Does the Type of Protein You Use Matter?

Does the Type of Protein You Use Matter?

Protein plays an important role in our diets: it’s an essential macronutrient that helps make up your skin, hair, bones, muscles and more. Protein powers chemical reactions and helps you carry oxygen in your blood. Or, as the Harvard School of Public Health puts it, “At least 10,000 different proteins make you what you are and keep you that way.”

If you’re not getting enough protein in your diet, you’re cheating your body out of a macronutrient that helps fuel your everyday functions. Generally, a person needs seven grams of protein for every 20 pounds of body weight. That means that if you weigh around 200 pounds, you’ll need to consume a whopping 70 grams of protein per day. Your protein intake should make up anywhere from 10 to 35 percent of your daily calories—but other than that, it’s up to you.

Choosing the right type of protein

Keep in mind that all proteins are not created equal—so yes, it does matter what type of protein you consume. For example, while red meat is delicious, it’s also full of saturated fat. That’s bad for your heart health. Nor should you aim to get your protein from ice cream. Luckily, there are plenty of plant and animal-based proteins, including protein powders. You should be able to get plenty of healthy proteins no matter what kind of diet you eat—especially the kind that allows you to indulge in a cheeseburger every once in a while.

The main thing to remember is to look at your protein source’s entire dietary value, including fat, sugar and carbohydrates. That 16-ounce ribeye might contain 115 grams of protein, but it also contains 950 calories and 100 percent of your daily recommended intake of saturated fat. That’s a far cry from a four-ounce piece of grilled salmon, which has 24 grams of protein, 180 calories and only 10 percent of your saturated fat intake. Choose wisely.

The occasional indulgence is great, but woman cannot subsist on delicious, fatty steak alone… no matter how much she wishes she could.

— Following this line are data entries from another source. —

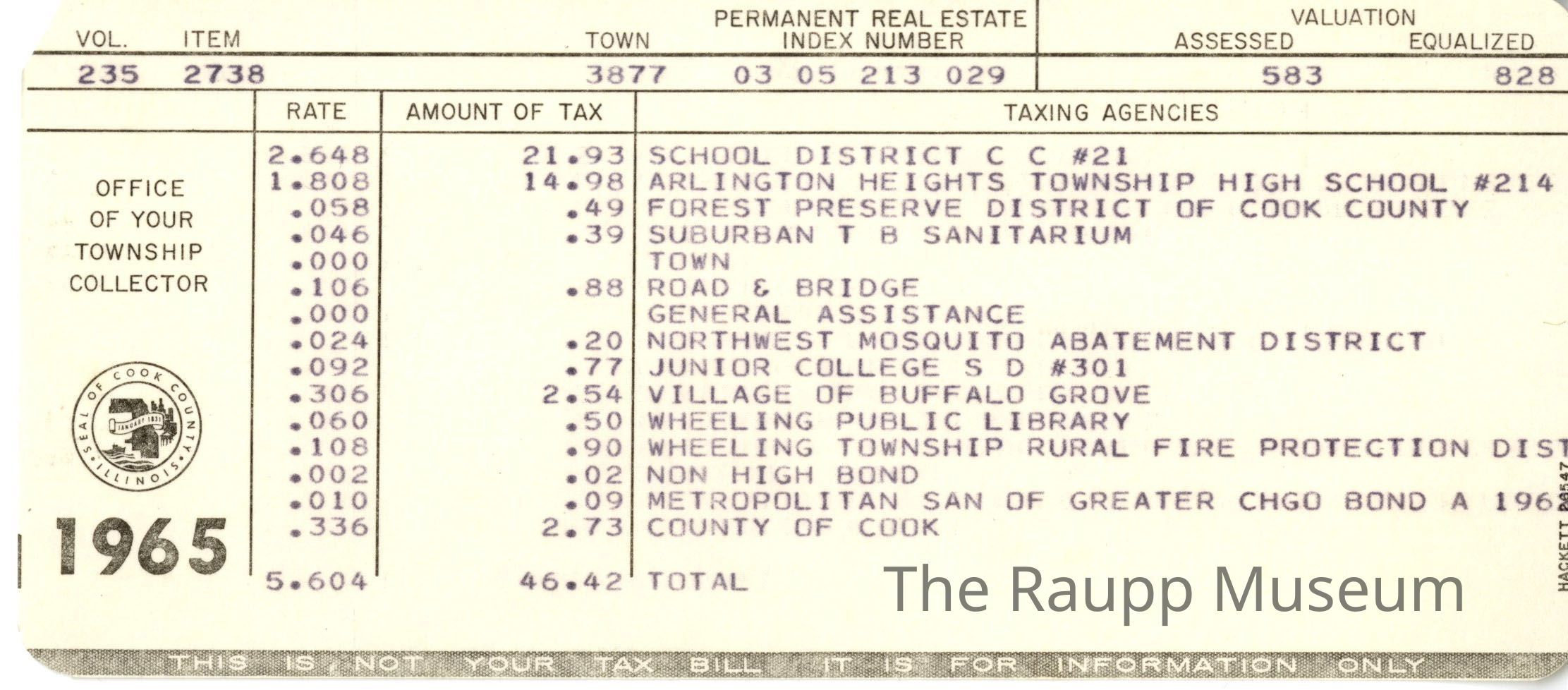 One (1) receipt record for taxes for 1965 for property 0305213029. The receipt is a long rectangle, and documents the rate and amount of tax for each item, including school districts, library, roads, etc. to pay for this property. The amount of tax totals $46.42.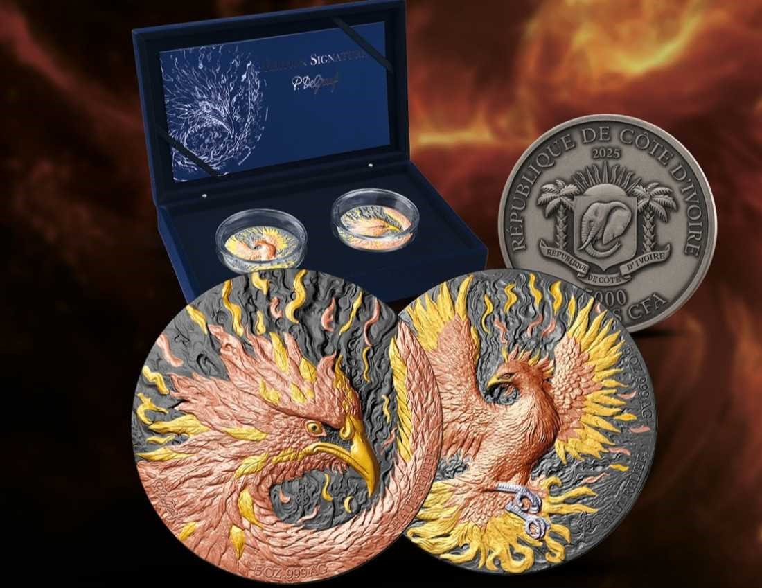République de Côte d'Ivoire : pièces de collection en argent Phoenix 2025, ensemble de 2*155,5 g d'argent pur (0,999)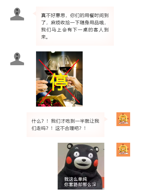經(jīng)商家提前告知的限時(shí)就餐規(guī)定,且消費(fèi)者仍愿意消費(fèi)的行為于商家與消費(fèi)者雙方意思自洽,且協(xié)商一致的情形,雙方應(yīng)遵守。如商家未提前告知消費(fèi)者限時(shí)就餐的規(guī)定,則涉嫌侵害消費(fèi)者的知情權(quán)、公平交易權(quán)。(消費(fèi)提示:特殊節(jié)日里,外出就餐的消費(fèi)者較多,消費(fèi)者可以提前咨詢(xún)商家了解,是否有限時(shí)就餐的規(guī)定,并根據(jù)具體情況選擇餐廳,如遭遇侵權(quán)行為,應(yīng)保留相關(guān)證據(jù)材料,以便維權(quán)。)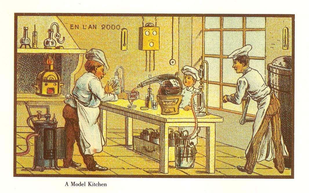 Ιπτάμενοι αστυνομικοί και πυροσβέστες, αυτόματες μηχανές σε κουρεία και κουζίνες, ηλεκτρικές σκούπες, φάλαινες που μετατρέπονται σε υποβρύχια λεωφορεία και μηχανές παραγωγής… κοτόπουλων. Αυτές είναι μόλις λίγες από τις «δαιμονικές» ιδέες των Παριζιάνων καλλιτεχνών. Κάποιες αποδείχτηκαν αρκετά προφητικές, κάποιες άλλες απλώς δείχνουν πόσο… μακριά μπορεί να φτάσει η φαντασία.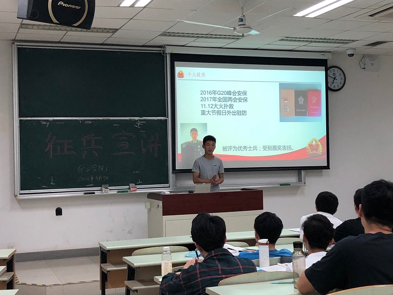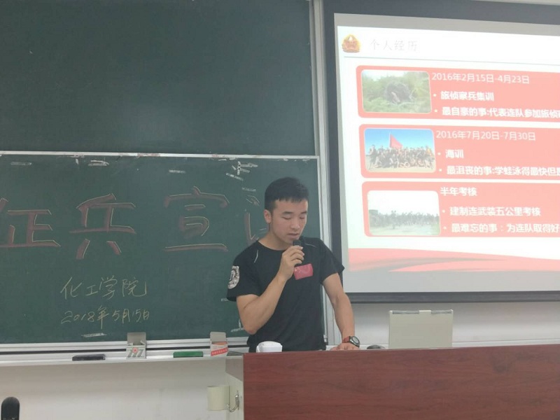 学工委在2018年5月15日晚6:00于教学楼D306教室举办了一场别开生面的征兵动员宣讲会。宣讲会由2016级辅导员强莉主持,宣讲嘉宾为国产无码
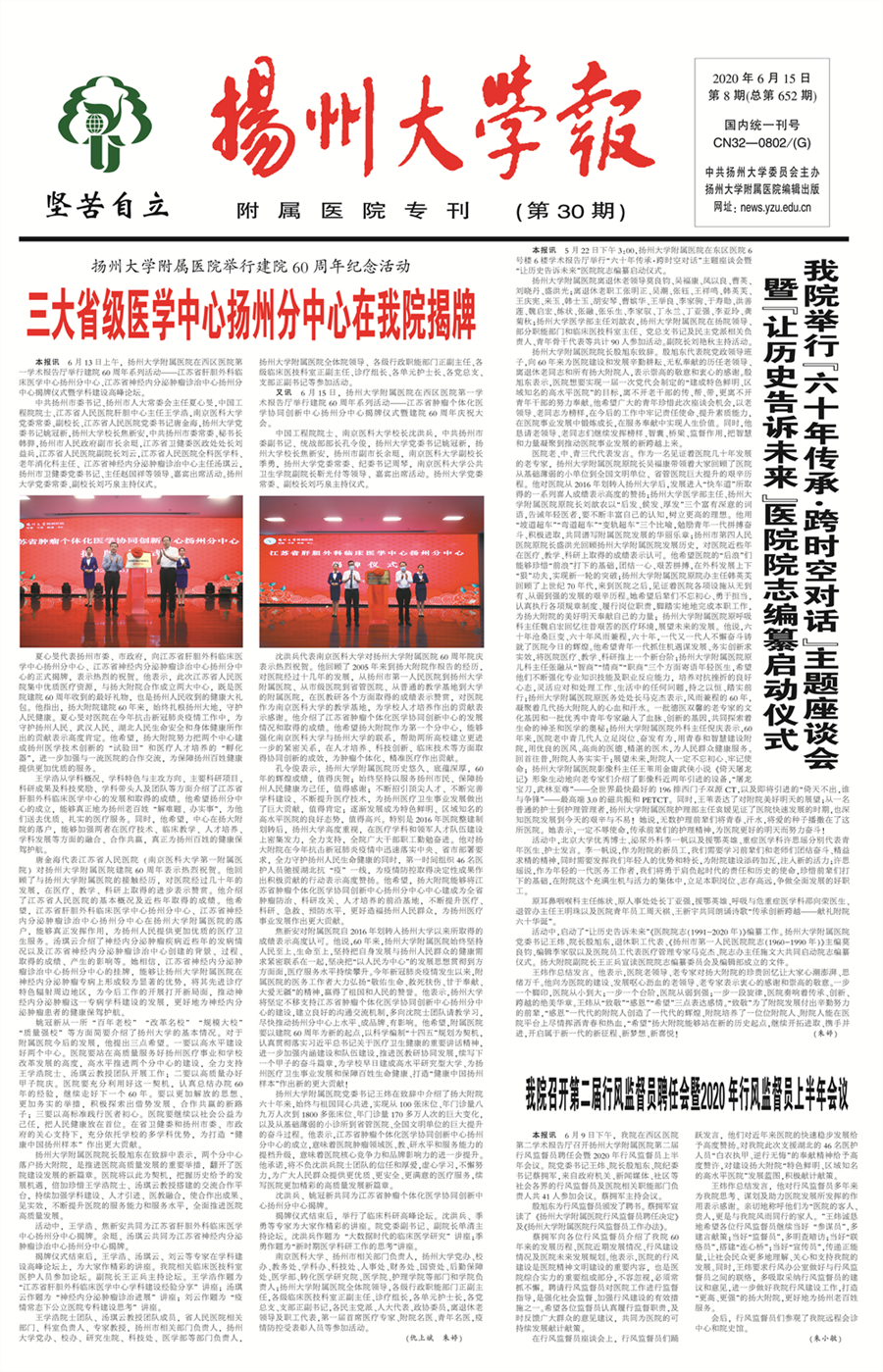 《扬州大学报•附属医院专刊》第30期(总第652期)(2020年6月15日第2版)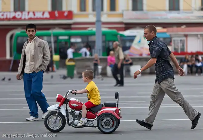 На центральной площади можно взять на прокат детский автомобиль. Сотрудник проката смешно бегает за детьми. Наверное, чтобы они не укатили в Хабаровск:

Turning to protein powders

If your diet is more restrictive, you might want to get your protein from protein powders. They’re easy to throw into smoothies, shakes and more, so you can get an extra boost alongside your fruits and vegetables.

Protein powders are often derived from animal or plant sources, like peas, eggs, rice and dairy. There are three main types: concentrates, isolates and hydrolysates. Protein concentrates are extracted from whole foods using heat and enzymes. About 60 to 80 percent of the powder is protein, with the remaining made of fat and carbs. Protein isolates contain about 90 to 95 percent protein, thanks to their additional filtering process. Finally, protein hydrolysates further heat the protein with acids or enzymes, making it easier for your body to break down and absorb.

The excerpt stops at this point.